[Information provided — start]

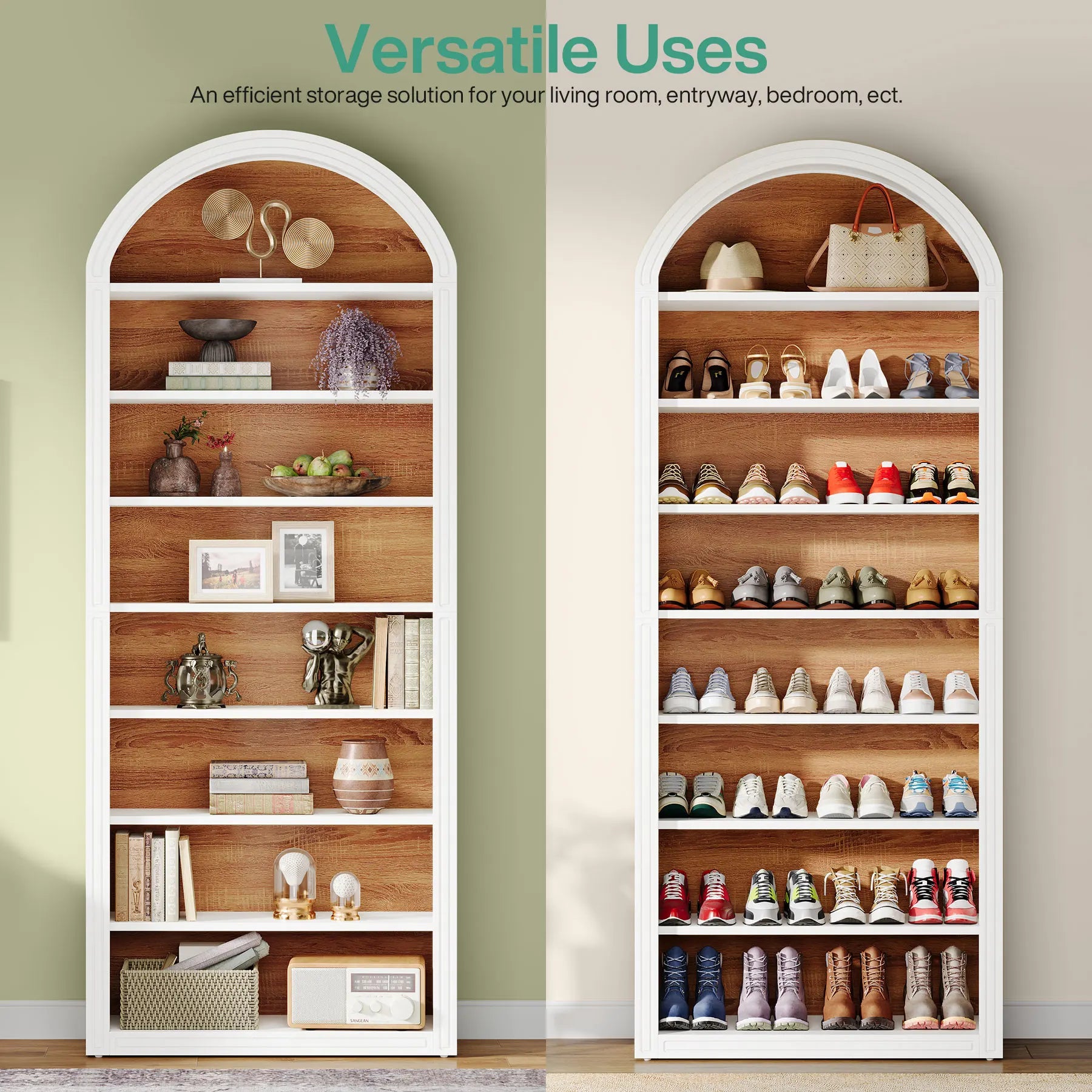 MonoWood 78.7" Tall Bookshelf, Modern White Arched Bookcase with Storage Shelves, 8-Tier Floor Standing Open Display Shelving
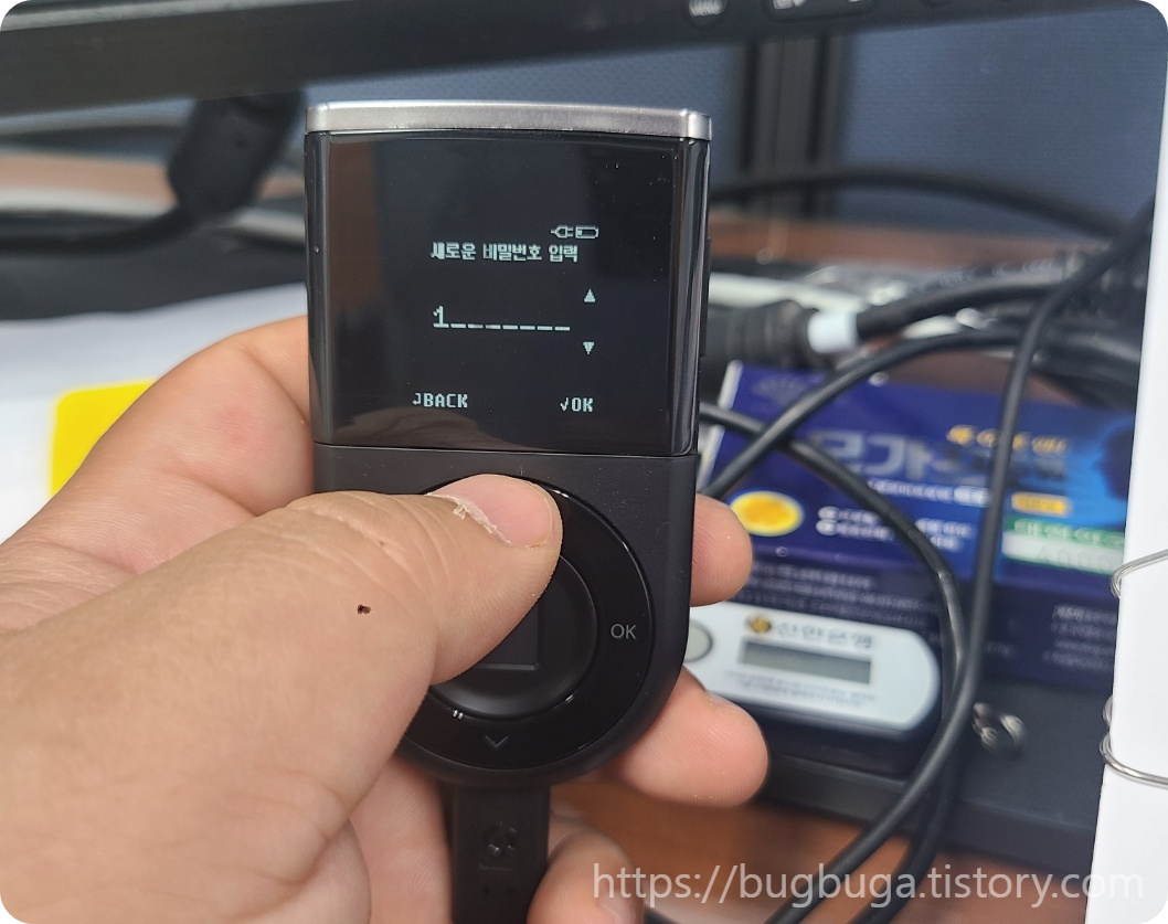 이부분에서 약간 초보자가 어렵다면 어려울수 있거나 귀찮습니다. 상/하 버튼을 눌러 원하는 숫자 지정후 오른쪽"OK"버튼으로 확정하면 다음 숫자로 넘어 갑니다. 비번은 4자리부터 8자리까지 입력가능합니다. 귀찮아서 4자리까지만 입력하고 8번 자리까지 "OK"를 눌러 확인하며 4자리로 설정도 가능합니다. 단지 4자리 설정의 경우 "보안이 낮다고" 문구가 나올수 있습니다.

[Information provided — finish]
[Information provided — start]

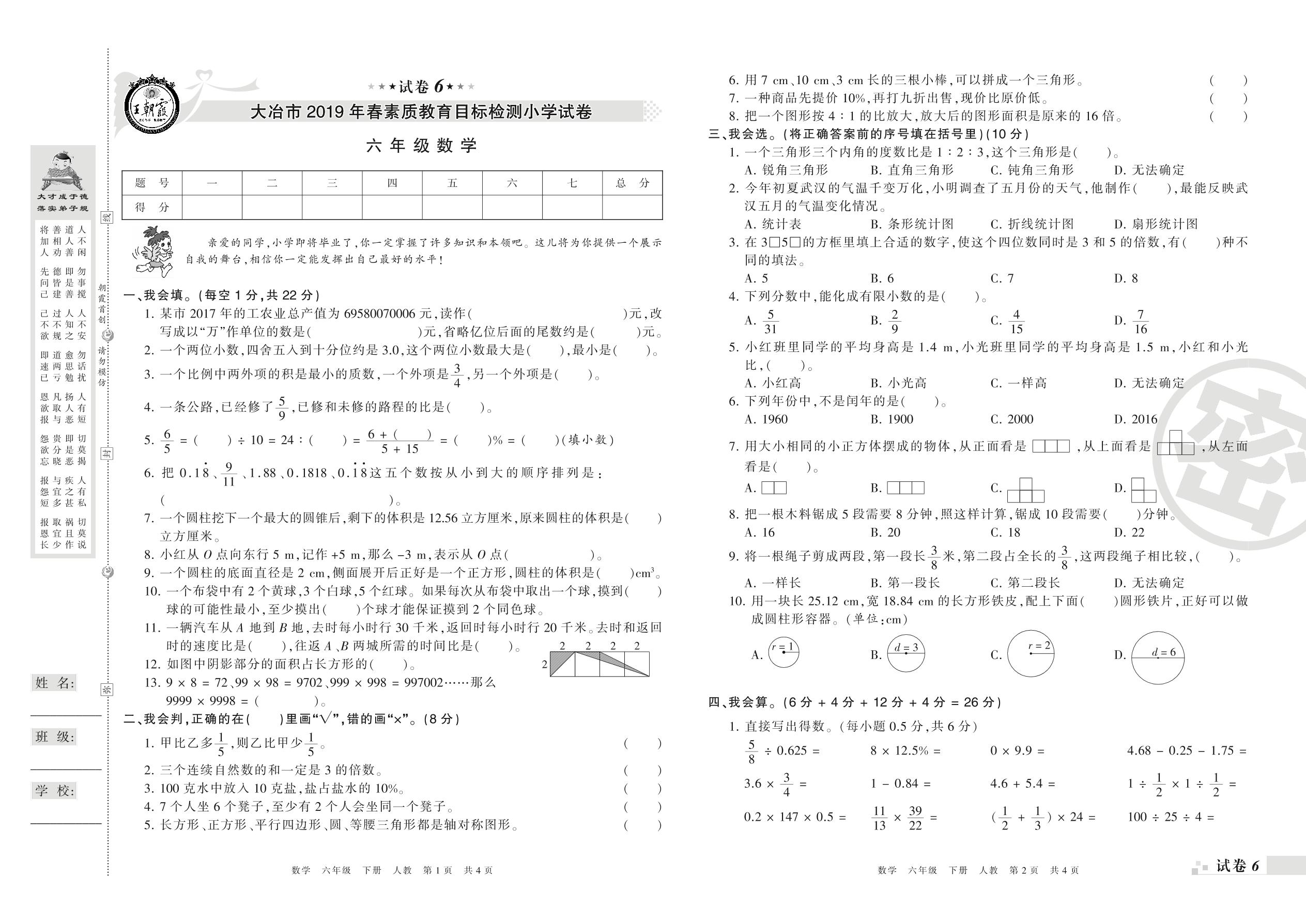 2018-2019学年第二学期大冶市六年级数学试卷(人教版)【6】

[Information provided — finish]

**What you should do**.
Take the lines above starting at the one containing "Open Display Shelving" and ending at the one containing "이부분에서 약간 초보자가", and print them again exactly, without pictures.

**Your solution**.
 MonoWood 78.7" Tall Bookshelf, Modern White Arched Bookcase with Storage Shelves, 8-Tier Floor Standing Open Display Shelving
 이부분에서 약간 초보자가 어렵다면 어려울수 있거나 귀찮습니다. 상/하 버튼을 눌러 원하는 숫자 지정후 오른쪽"OK"버튼으로 확정하면 다음 숫자로 넘어 갑니다. 비번은 4자리부터 8자리까지 입력가능합니다. 귀찮아서 4자리까지만 입력하고 8번 자리까지 "OK"를 눌러 확인하며 4자리로 설정도 가능합니다. 단지 4자리 설정의 경우 "보안이 낮다고" 문구가 나올수 있습니다.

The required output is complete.